The PIPL provides that where a country or region adopts discriminatory prohibitions, limitations or other similar measures against China in the area of data protection, China “may adopt retaliatory measures against said country or region” (Art. 43). This provision mirrors other retaliatory measures in the Data Security and Export Control Law. 

Regardless, parties should take extra measures to comply with the law as foreign organizations or individuals that process PI that infringe Chinese citizens’ rights and interests or endanger China’s national security or public interest may be placed on a publicly available entity list that restricts other handlers from transferring personal information to them (Art. 42).

9. Implementation and Enforcement 

The law does not create an independent authority dedicated to data protection enforcement. The Cyberspace Administration of China (CAC) is the primary body responsible for data protection enforcement, but there are several other regulators that may also administer the law. 

In addition, similar to the PI Specification, the Chinese government may delegate further responsibility to a Technical Committee (e.g., TC260) to develop standards to clarify the meaning of the law and provide more guidance on enforcement.  

The PIPL stipulates penalties for violations and non-compliance, including the suspension or termination of application programs unlawfully handling data. Non-compliance not only involves unlawfully processing personal information but also includes failing to adopt proper necessary security protection measures in accordance with further regulations.

The law makes a distinction between two types of violations. In the first instance, the departments fulfilling data protection duties will order a correction, confiscate unlawful income, and issue a warning.

• If the data handler refuses to correct the violation, it will receive a fine of not more than 1 million RMB ($150,000).
• Persons who are directly responsible and in charge may also receive a fine between 10,000 and 100,000 RMB ($1500–$15,000) (Art. 66).
• In serious violations, the fine may be increased up to 50 million RMB ($7,500,000) or 5% of annual revenue for the prior fiscal year (Art. 66). The law does not specify whether annual revenue will be calculated on the basis of global turnover.

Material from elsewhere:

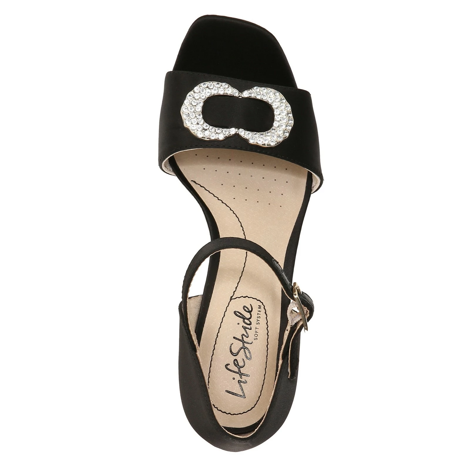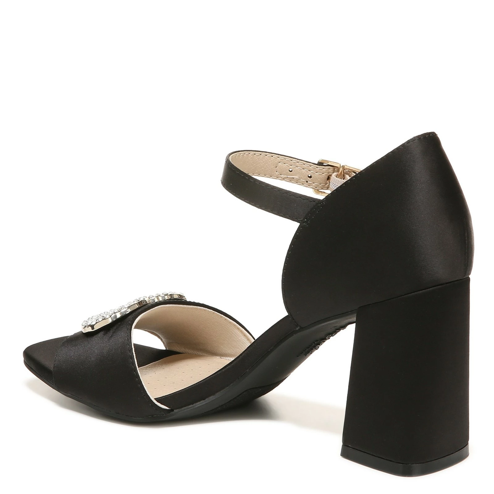 - Satin fabric uppers with rhinestone decoration
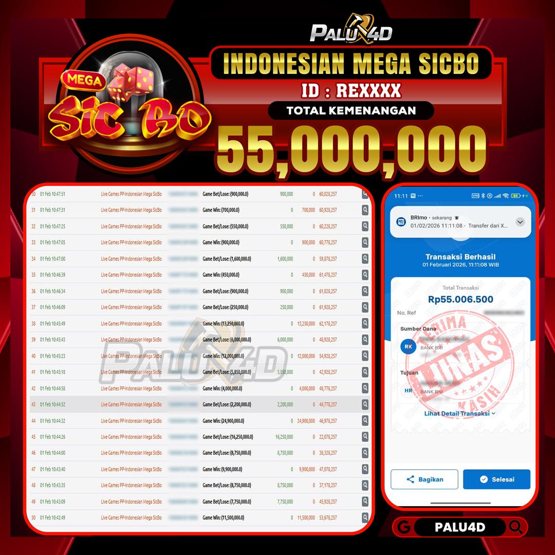 PALU4D – Menang Live Games INDONESIAN MEGA SICBO Rp.55.000.000.,- LUNAS

Acts deemed illegal under PIPL will be recorded and made public in the social credit system (Art. 67).

In addition, the PIPL stipulates that engaging in personal information handling activities that harm national security or the public interest also constitute violations (Art. 10) but no specific penalty is provided for such harms. Violations of the law will be publicly recorded and could lead to removal from serving as a director, supervisor, or senior manager of the relevant enterprise for a period of time. 

Importantly, the PIPL provides a mechanism for individuals to receive compensation from data handlers through judicial redress for the loss (damage) they suffered or the benefit the handler obtains “if the processing of personal information infringes upon the rights and interests of the individuals” (Art. 69). If it is difficult to determine actual damages or the benefits unlawfully obtained, a People’s Court may take into account the relevant circumstances and render an appropriate award. The second version of the draft PIPL has reversed the burden of proof for the parties in a tort legal action against PI infringement, so that data handlers that cannot prove they are not at fault for the harm suffered will be liable.  Additionally, when data handlers refuse an individual’s request to exercise data rights, that individual may file a lawsuit in a public court (Art. 50). 

Finally, when a violation of the law infringes on the rights and interests of many individuals, the People’s Procuratorates, and the relevant enforcing agencies and departments may file a lawsuit with a People’s Court.  One such example concerns the Civil Public Interest Litigation mechanism, which effectively operates as civil prosecution of large-scale violators of the law.